Using Hardware Performance Monitor (HPM) Toolkit:
A primer
last update:
01/15/2009
HPMCOUNT is an HPM Toolkit executable that can instrument your entire code under its control and report resource statistics for the entire code execution. You invoke HPMCOUNT on your unmodified executable (no source code changes, recompilation, or relinking required) to measure several types of hardware performance events for your application as a whole.
The simple default method for invoking HPMCOUNT is:
hpmcount your_executableHPMCOUNT has options to control what is monitored and how to direct the output report.
HPMCOUNT was developed by IBM to measure the performance of applications running on IBM POWER systems, including POWER6. HPMCOUNT starts your application, and when execution ends it produces a report that summarizes:
- Wall-clock time
- Statistics on resource utilization
- Information from hardware performance counters
- Derived hardware metrics
Here is a simple runscript that provides an example of how to use HPMCOUNT and how its output appears.
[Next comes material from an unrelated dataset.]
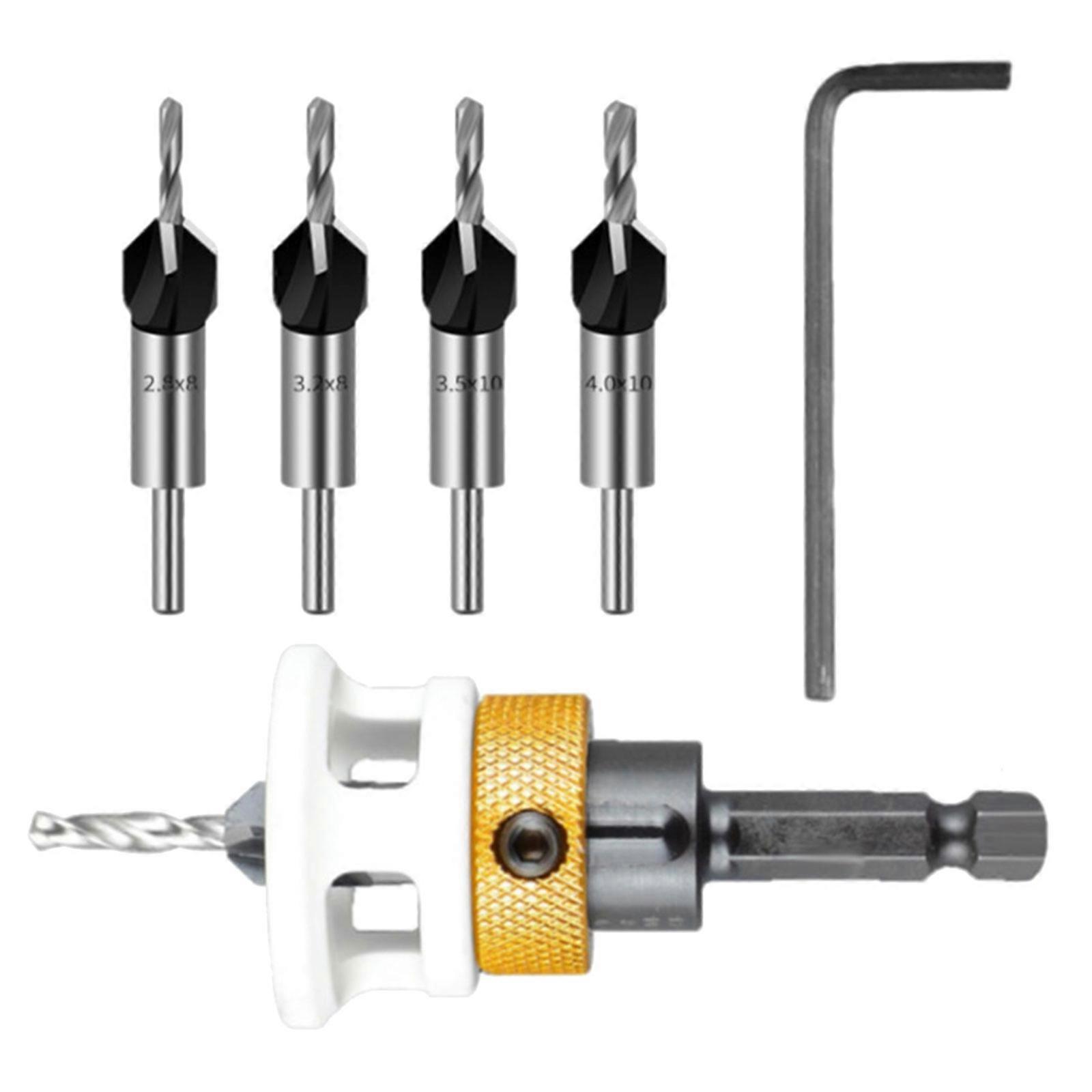 6pcs Countersink Drill Set with Adjustable Depth Stop Woodworking Countersink Drill Bits Set Upgrades for Wood Projects Multicolor

Runscript (with here-script of program):
#! /bin/csh # Very simple serial code set up to execute under HPMCOUNT control. cat << 'EOF' > ./it.f program main implicit none integer i real sum common sum sum=0.0 do i=1,1000000 sum=sum+exp(.00000001*i) end do print*,'sum=',sum stop end 'EOF' # Compile and build program "it" from it.f, use -g option and no # optimization to support source debugging of all Fortan statements: xlf_r -O4 -qarch=auto -qrealsize=8 -o it it.f # Execute program "it" with HPMCOUNT: /usr/bin/hpmcount ./it # Clean up working directory: rm it* ~ ~HPMCOUNT output:Execution time (wall clock time): 0.057595 seconds ######## Resource Usage Statistics ######## Total amount of time in user mode : 0.015934 seconds Total amount of time in system mode : 0.003379 seconds Maximum resident set size : 8532 Kbytes Average shared memory use in text segment : 0 Kbytes*sec Average unshared memory use in data segment : 77 Kbytes*sec Number of page faults without I/O activity : 2073 Number of page faults with I/O activity : 2 Number of times process was swapped out : 0 Number of times file system performed INPUT : 0 Number of times file system performed OUTPUT : 0 Number of IPC messages sent : 0 Number of IPC messages received : 0 Number of signals delivered : 0 Number of voluntary context switches : 13 Number of involuntary context switches : 3 ####### End of Resource Statistics ######## Set: 1 Counting duration: 0.019886103 seconds PM_FPU_1FLOP (FPU executed one flop instruction ) : 4000225 PM_FPU_FMA (FPU executed multiply-add instruction) : 11000076 PM_FPU_FSQRT_FDIV (FPU executed FSQRT or FDIV instruction) : 0 PM_CYC (Processor cycles) : 26428653 PM_RUN_INST_CMPL (Run instructions completed) : 47657875 PM_RUN_CYC (Run cycles) : 93529315 Utilization rate : 9.755 % Flop : 26.000 Mflop Flop rate (flops / WCT) : 451.435 Mflop/s Flops / user time : 4627.772 Mflop/s FMA percentage : 146.665 %
Next page | Table of contents - HPM Toolkit primer
If you have questions about this document, please contact us via any of the methods shown on this web page: CISL Customer Support.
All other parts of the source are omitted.